Mark Duncan (Presenter)
School of Medicine, University of Colorado
Bio: Mark Duncan is a professor of medicine at the University of Colorado School of Medicine. He has a long-standing interest in the application of mass spectrometry to clinical chemistry.
Authorship: Mark W. Duncan1, Stephen J. Hattan,2 Kenneth C. Parker,2 Jane Y. Yang,3 David A. Herold,3,4 and Marvin L. Vestal2
1 University of Colorado School of Medicine, 2 SimulTOF Systems,3Department of Pathology, University of California San Diego and 4 VA San Diego Healthcare System
MALDI-TOF MS, an established technique for analyzing nonvolatile molecules, has limited acceptance for clinical applications as a qualitative tool due to the widespread belief that MALDI-TOF is not quantitative. However, modern MALDI-TOF mass spectrometers generate reproducible data that can be used for accurate quantification of components in complex samples, such as whole blood and urine. Clinical MALDI applications require a very small volume of sample (e.g., 1 µL), and in some instances workup can be as simple as dilution.
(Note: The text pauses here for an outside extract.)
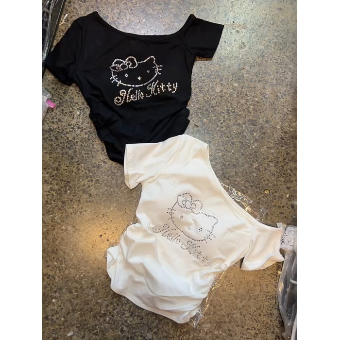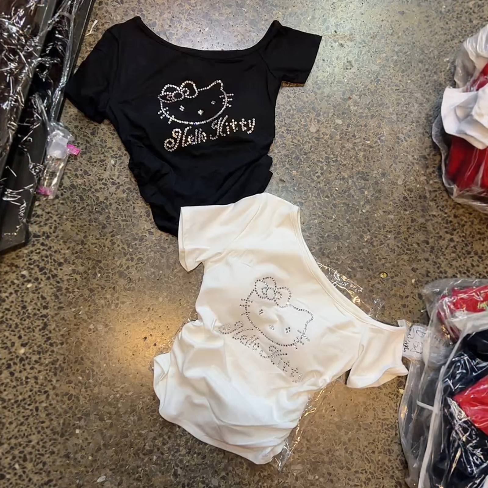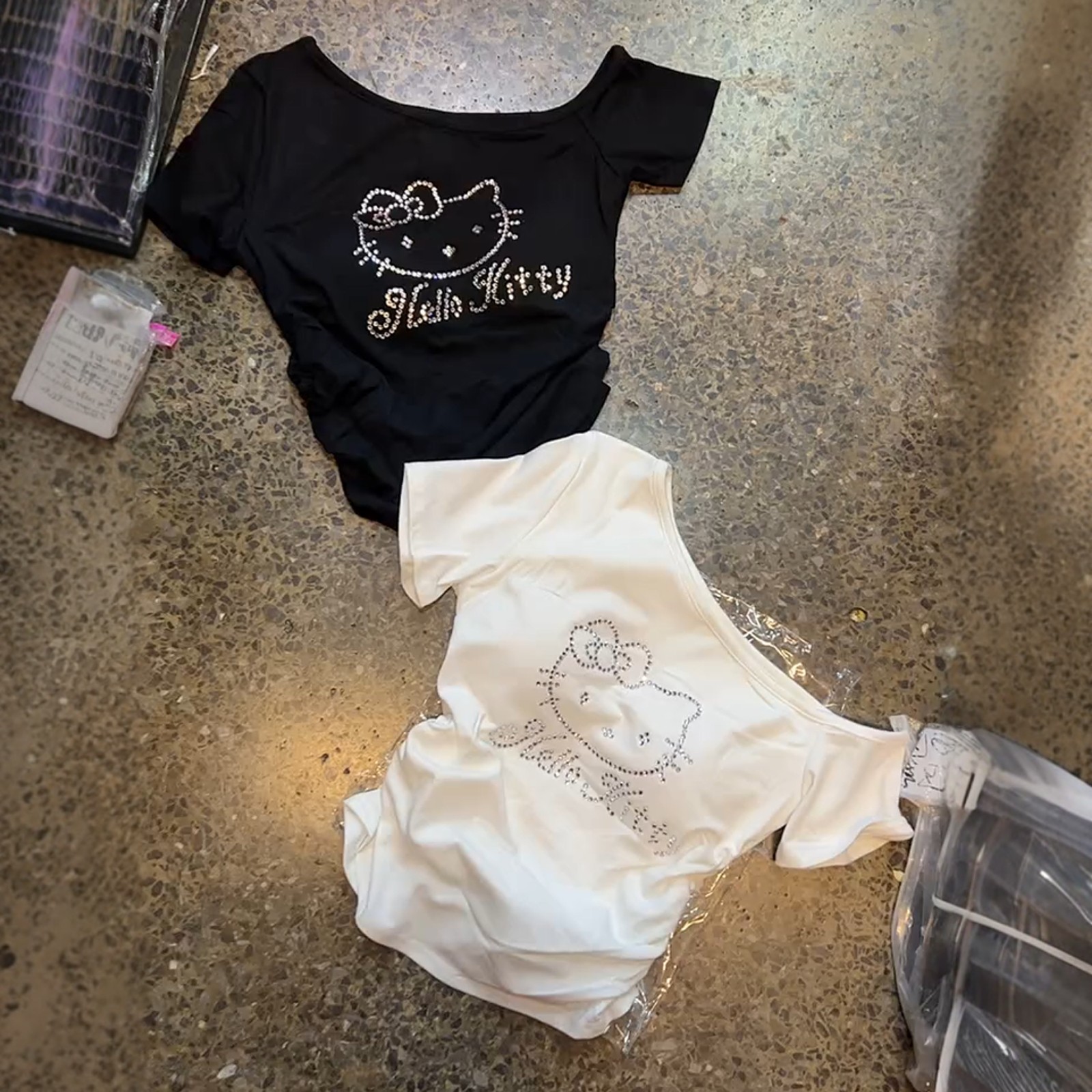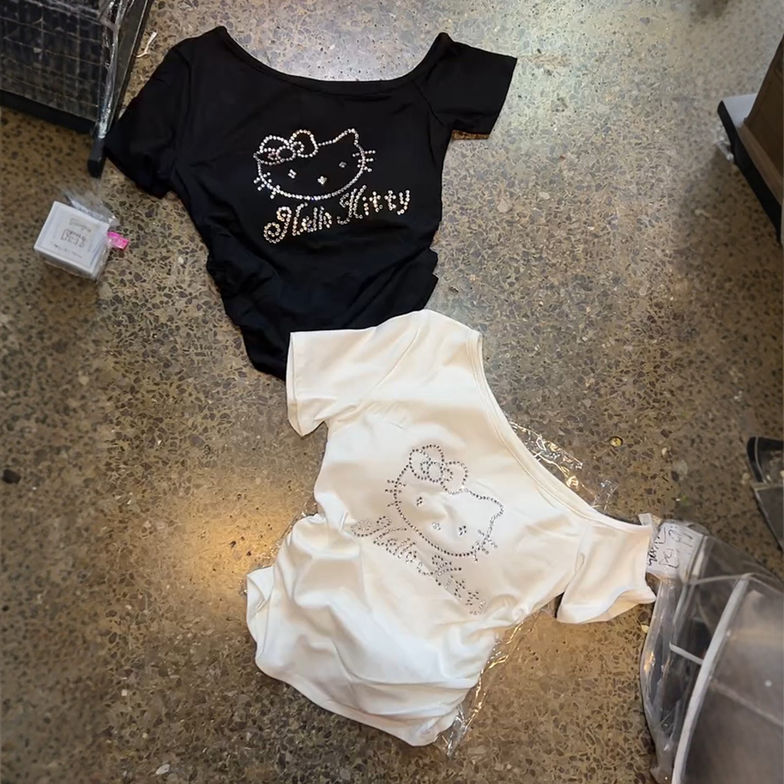 十三行美式復古kitty貓燙鑽短袖T恤女夏季甜辣妹收腰修身短款上衣

Other applications may require addition of an internal standard or purification and concentration of the analyte(s). Clinical assays illustrating each of these cases will be described.
Clinicians generally perceive mass spectrometry as being time intensive and costly. This perception is in part fueled by the dominance of LC-MS and LC-MS-MS in the products provided by major vendors. Recent FDA approval of MALDI-TOF MS methods for pathogen identification is beginning, however, to change this perception.
New MALDI-TOF instruments designed for routine clinical applications can be fully automated and require little or no expertise in MS on the part of the operator. The user prepares the samples according to a protocol established for the application, loads the sample plates into the instrument, and receives and interprets the results. The instrument parameters are determined from data provided along with the samples, and data acquisition, processing, and database searching are fully automated. No other interaction between the user and the instrument is required.
MALDI methods can be developed to analyze any bodily fluid containing an analyte of interest: e.g., blood and blood products, breast milk, cerebrospinal fluid, lymph fluid, saliva, urine, gastric and digestive fluid, tears, stool, semen, prostatic fluid, vaginal fluid, amniotic fluid, and interstitial fluids derived from tissue. Details of sampling and processing depend on the application, but the same MALDI-TOF instrument is common for all. The features of leading-edge MALDI instruments that make routine clinical application possible will be illustrated, and examples of successful MALDI-TOF MS assays will be presented.
For example, the determination of HbA1c, a glycated form of the β chain of hemoglobin (Hb), is important in the diagnosis and management of diabetes. Due to the high concentration of Hb in blood, all that is required for analysis by MALDI-TOF is an ~ 1 : 2000 dilution of whole blood. The analysis is both precise and accurate across the clinically relevant range INCLUDE THE RANGE with CV ≤ 3%. Results are reported as a percentage of HbA1c relative to the abundance of the unmodified β chain of Hb. (Because both species are present in the sample, no external standard or calibrant is required.)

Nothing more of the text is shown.